Hate™
Northern Africa and the Middle East are dominated by hatred: dead bodies, injured people, hurt religious egos, the charred remains of embassies, and brute rhetoric dominate media coverage. The script of the past few feverish days reads like the strange draft of a new Quentin Tarantino movie. The story: an Egyptian American with a long criminal record is released from prison and produces a movie that ridicules the prophet Mohammed.
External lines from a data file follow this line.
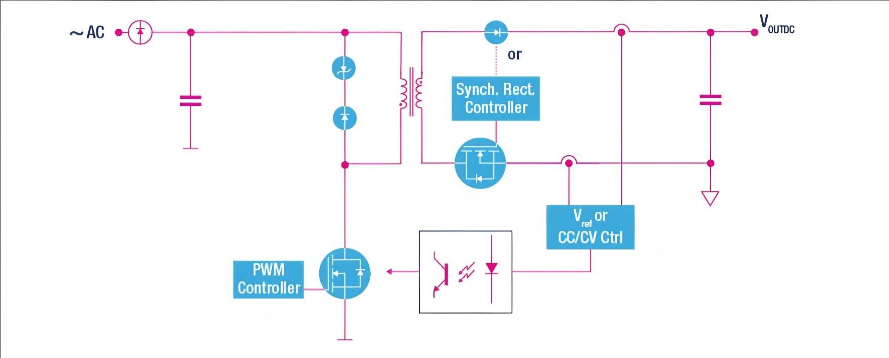 在中低功率(通常小于300W)的高压隔离应用中,隔离型反激(Flyback)转换器因其结构简单、元件数量少、以及天然提供输入/输出隔离的优点,成为工业辅助电源和开关电源的首选拓扑 。 为了进一步提升系统的能效并降低开关损耗,现代辅助电源设计经常采用准谐振(Quasi-Resonant, QR)反激控制模式 。QR 模式通过在主开关的漏源电压 ( VDS) 波形的谷底导通,实现准零电压开关(ZVS)。这种谷底开关技术在高频操作下表现尤为优异,能够最大限度地减少开关损耗。
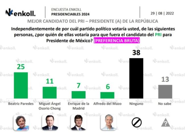 Del PRI menciona a Beatriz Paredes Rangel con 25% de preferencia dejando a Miguel Ángel Osorio Chong y a Enrique de la Madrid con 11 y 7 puntos porcentuales respectivamente.
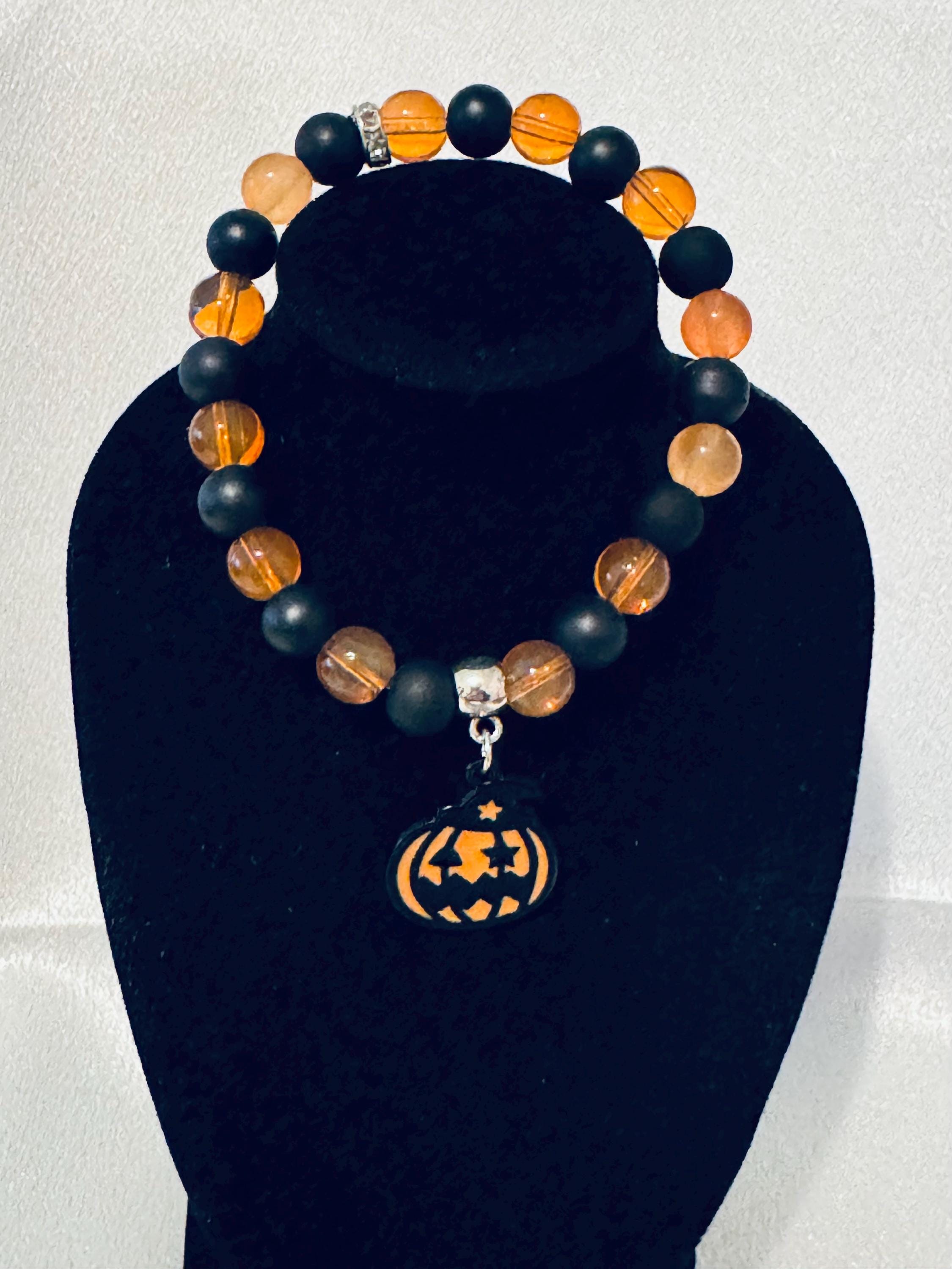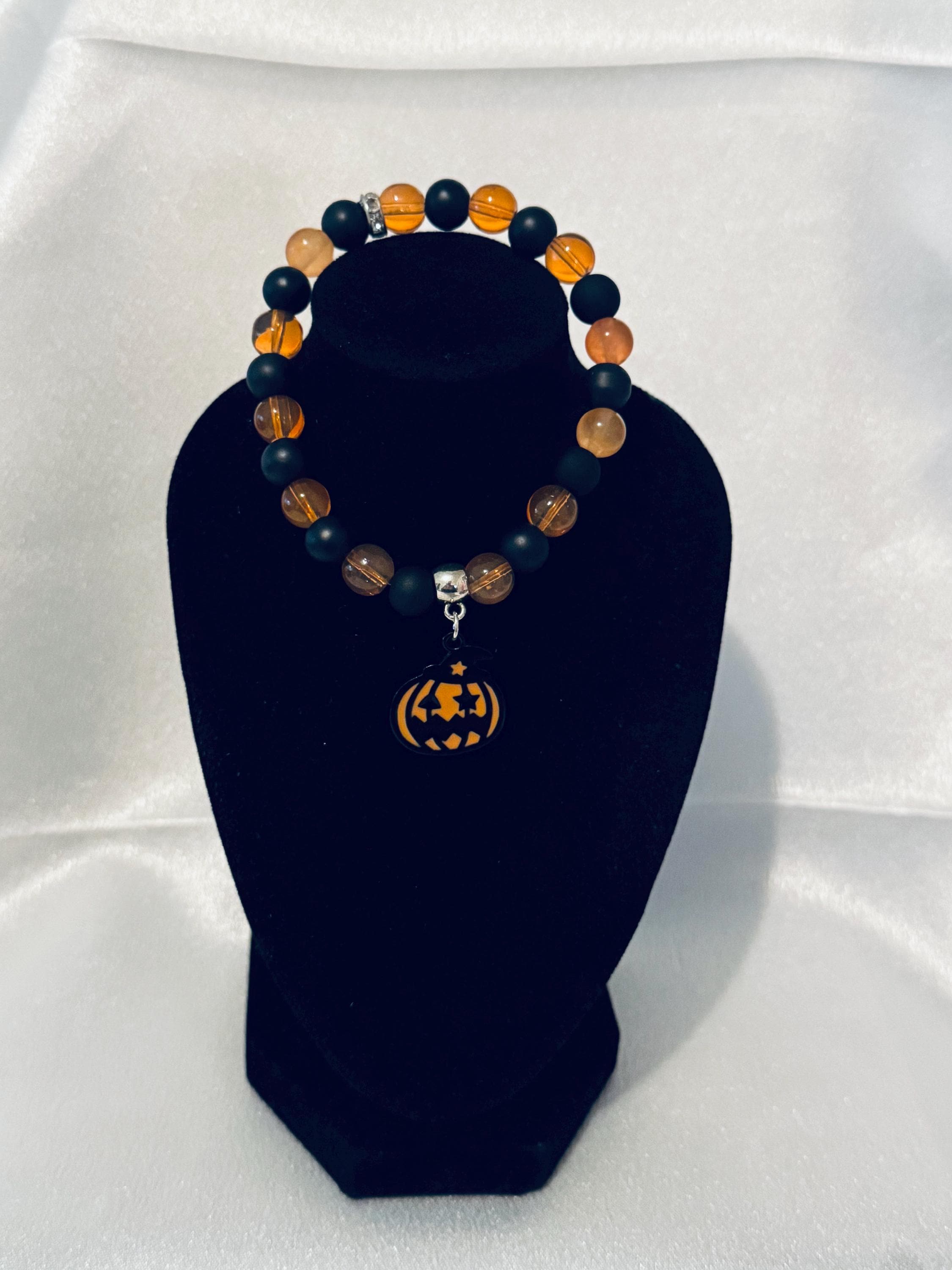Add some spookyâfun flair to your costume or everyday outfits with this adorable Halloweenâthemed stretch bracelet. Made with a mix of acrylic and glass beads and finished with a festive charm, itâs the perfect accessory for celebrating the season in style. Measuring approximately 7.5 inches, it offers a comfortable and flexible fit.
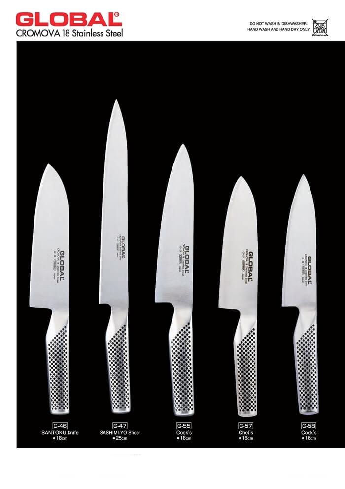 Couteaux japonais monoblocs mondiaux. Lame en acier inoxydable CROMOVA 18, cet acier à haute composition en chrome a une haute résistance à l'oxydation et une dureté de 56º-58º HRC.
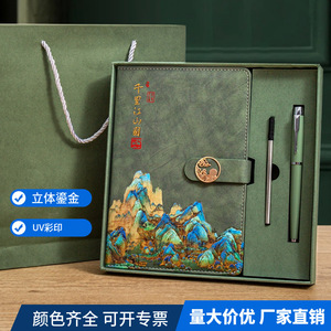 千里江山図 国風ノート ビジネスギフトギフトボックス オフィス会議記録帳 メモ帳 国潮風

So far, so normal. In a less crazy world, the story would end here (as it should). But the headlines of the past week illustrate the opposite: we are becoming witnesses to a product launch by an industry that I want to call, borrowing from “Time” author Bobby Ghosh, an “industry of hate”. It works like this:
The most important resource of the globally operating industry of hate is extremism, usually of the religious kind, and it can be found in all corners of the globe. Every uproar requires a spark, the core idea of the product - the “unique selling point,” in business terms. Creativity is key: a burned-out church or the rendering of Mohammed as a violent and sexist blighter have served the industry well in the past. Like any other economic sector, the industry of hate has its own shooting stars (Al Qaeda) and offers training opportunities (Pakistani and Yemeni terror camps). Those with good ideas are soon discovered by the industry’s facilitators, like the evangelical priest Terry Jones, and will soon enjoy public attention as well as financial support from wealthy incubators (the sheikhs in the Gulf states). Anything goes as long as it sows hate.
The product - in this case, the Youtube video about Prophet Mohammed - is then readied for the big launch event. A test screening in Egypt proves successful, and the movie begins to circulate more widely. It’s a case study of viral marketing: Egypt, Libya, Tunisia, Yemen, and Sudan came first; Iran, Afghanistan, Pakistan and Lebanon are next.